### TASK BRIEF
Nothing but the lines below, from the first through the line containing "在四川祥和茂生物科技有限公司", should be set down, each one exactly and without pictures.

### EXERCISE DATA
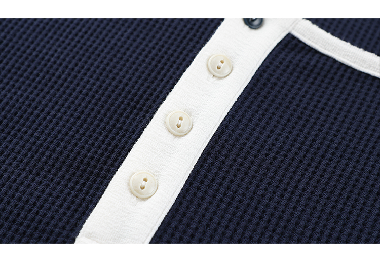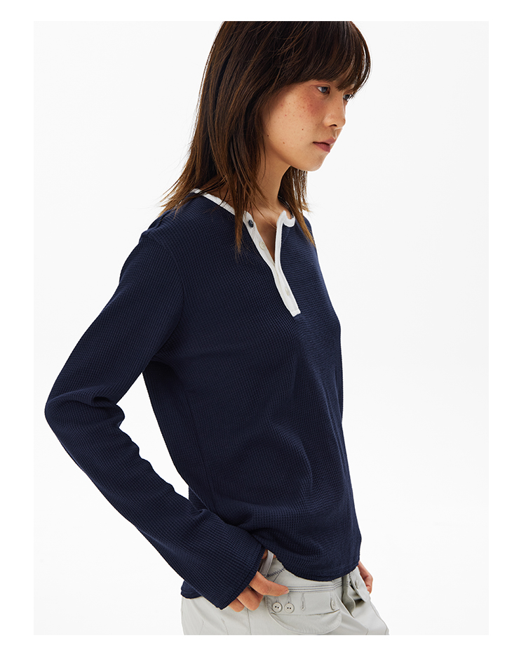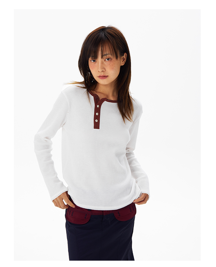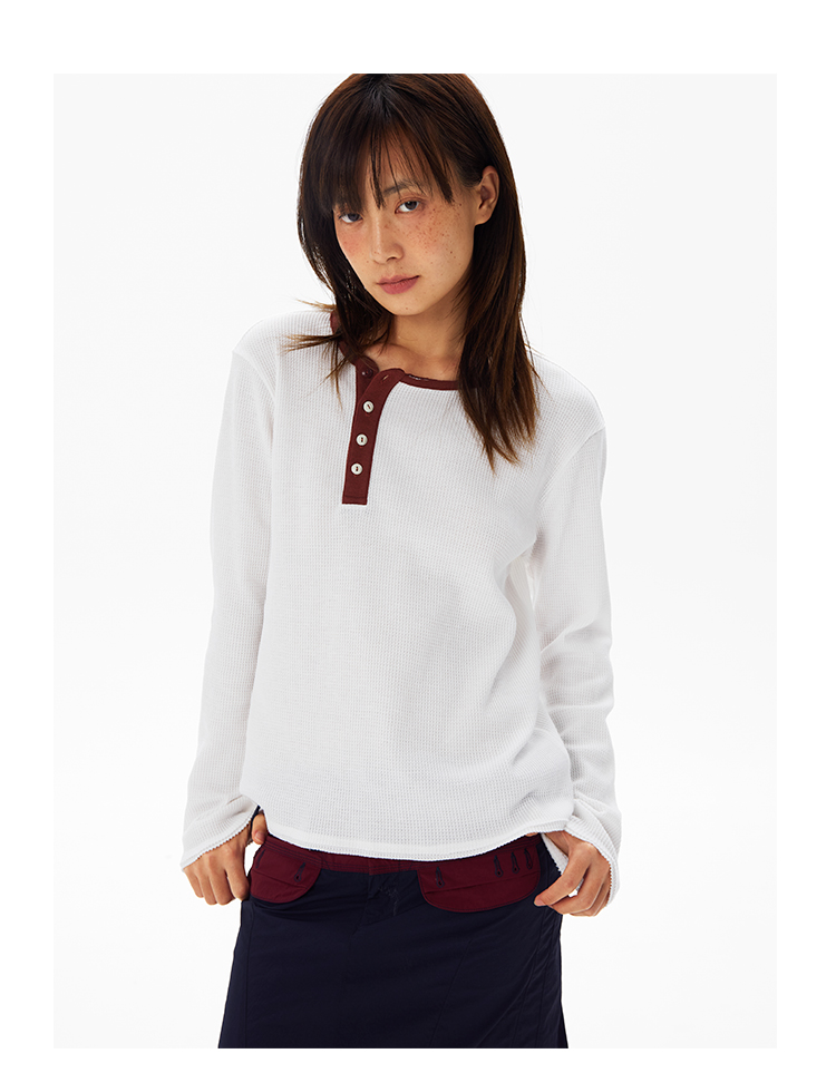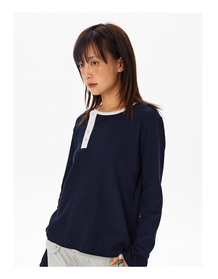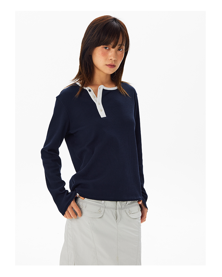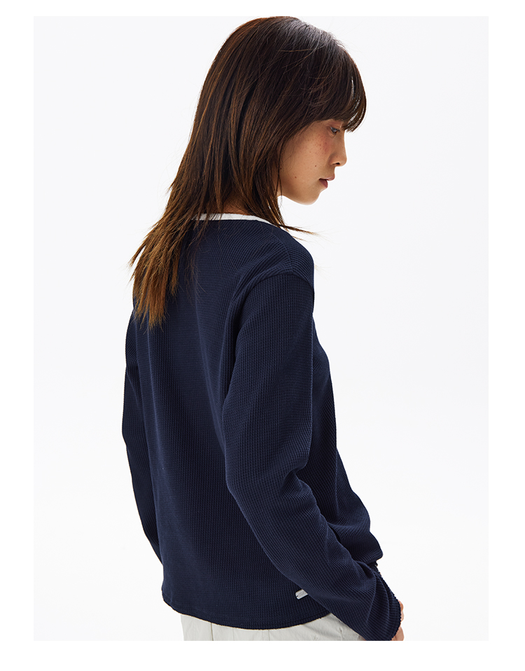 CryingCenter Waffle Diagonal Placket Two-color Button Round Neck Long Sleeve
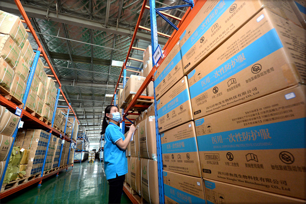 在四川祥和茂生物科技有限公司,防護服生產線也開足了馬力,工人們正細心縫製和包裝防護服,「現在防護服、醫用口罩的需求量很大,特別是上海、廣東、成都、重慶等地。3月份,我們就發出了5萬多套防護服、40多萬隻醫用口罩。」四川祥和茂生物科技有限公司副總經理黃宏介紹,「目前,公司已儲備了3萬多套防護服和300多萬隻醫用口罩的物料,正不斷增加產能,確保市場需求。」
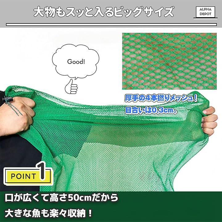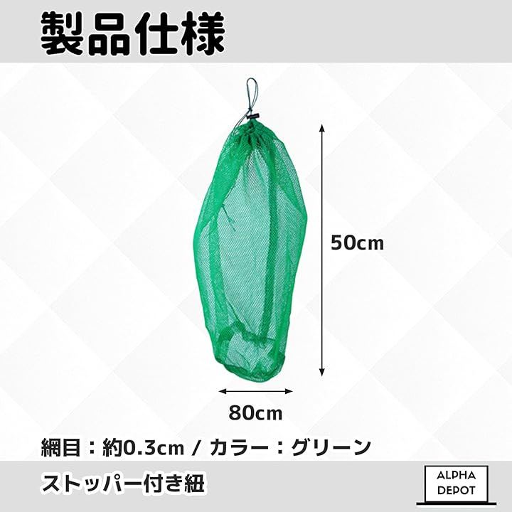 「製品仕様」全長:約50cm/幅:約80cm/網目:約0.3cm/カラー:グリーン/ストッパー付き紐・折りたたみ収納対応 [注意事項]本製品には説明書が付属しておりません。
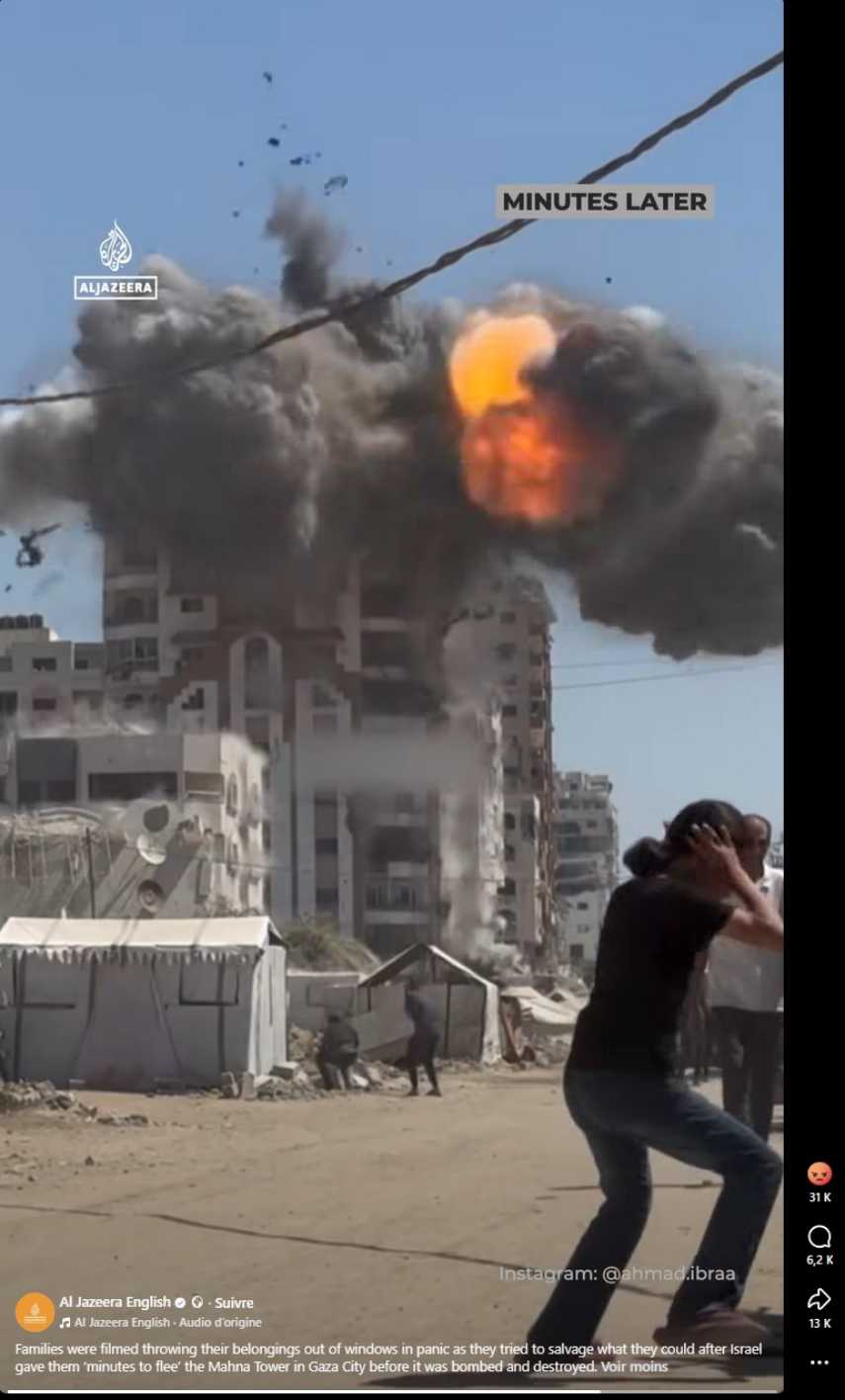 "Families were filmed throwing their belongings out of windows in panic as they tried to salvage what they could after Israel gave them ‘minutes to flee’ the Mahna Tower in Gaza City before it was bombed and destroyed.

### WRITTEN ANSWER
 CryingCenter Waffle Diagonal Placket Two-color Button Round Neck Long Sleeve
 在四川祥和茂生物科技有限公司,防護服生產線也開足了馬力,工人們正細心縫製和包裝防護服,「現在防護服、醫用口罩的需求量很大,特別是上海、廣東、成都、重慶等地。3月份,我們就發出了5萬多套防護服、40多萬隻醫用口罩。」四川祥和茂生物科技有限公司副總經理黃宏介紹,「目前,公司已儲備了3萬多套防護服和300多萬隻醫用口罩的物料,正不斷增加產能,確保市場需求。」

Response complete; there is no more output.